▸ **WHAT YOU SHOULD DO**
Without the pictures, write out all the lines below exactly as they appear.
*** COLLECTED MATERIAL Section Begins ***
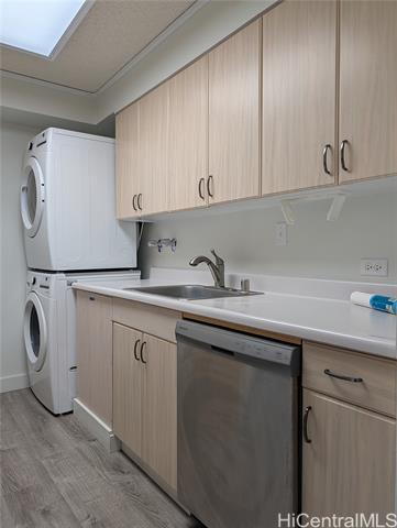 Spacious and freshly painted 1/1 with 1 covered and well-situated reserved parking stall is available in the Sakura. This clean and bright unit is conveniently located in Nuuanu, right up the road from Downtown Honolulu, Chinatown, with bus and nearby freeway access. There is newer vinyl plank flooring, and appliances include a range, refrigerator, dishwasher, 2 window air conditioners, ceiling fan, and in-unit front load washing machine and dryer. There is also a storage closet available for tenant use. Water/sewer is included, tenant pays electricity, cable tv/internet. Renters insurance is required, and no pets or smoking is allowed in the unit. **Disclosure...A plumbing replacement project is scheduled for this rental unit between May 26 - June 12, 2026. During this time, occupancy will still be allowed, and plumbing will be restored at the end of each work day, and Landlord shall reimburse Tenant a portion of rent.
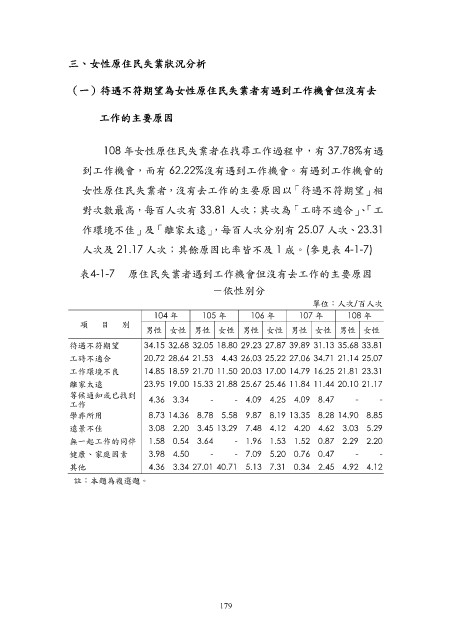 女性原住民失業者,沒有去工作的主要原因以「待遇不符期望」相
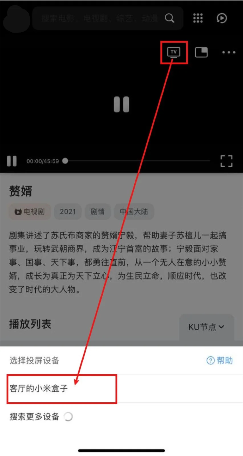 打开QQ浏览器(会接管网页播放器)->打开星火4K | 蓝光原盘->播放视频->选中投屏图标->等待搜寻出智能电视/电视盒子->选中,即可投屏。
*** COLLECTED MATERIAL Section Ends ***
▸ **RESPONSE TO THIS EXERCISE**
 Spacious and freshly painted 1/1 with 1 covered and well-situated reserved parking stall is available in the Sakura. This clean and bright unit is conveniently located in Nuuanu, right up the road from Downtown Honolulu, Chinatown, with bus and nearby freeway access. There is newer vinyl plank flooring, and appliances include a range, refrigerator, dishwasher, 2 window air conditioners, ceiling fan, and in-unit front load washing machine and dryer. There is also a storage closet available for tenant use. Water/sewer is included, tenant pays electricity, cable tv/internet. Renters insurance is required, and no pets or smoking is allowed in the unit. **Disclosure...A plumbing replacement project is scheduled for this rental unit between May 26 - June 12, 2026. During this time, occupancy will still be allowed, and plumbing will be restored at the end of each work day, and Landlord shall reimburse Tenant a portion of rent.
 女性原住民失業者,沒有去工作的主要原因以「待遇不符期望」相
 打开QQ浏览器(会接管网页播放器)->打开星火4K | 蓝光原盘->播放视频->选中投屏图标->等待搜寻出智能电视/电视盒子->选中,即可投屏。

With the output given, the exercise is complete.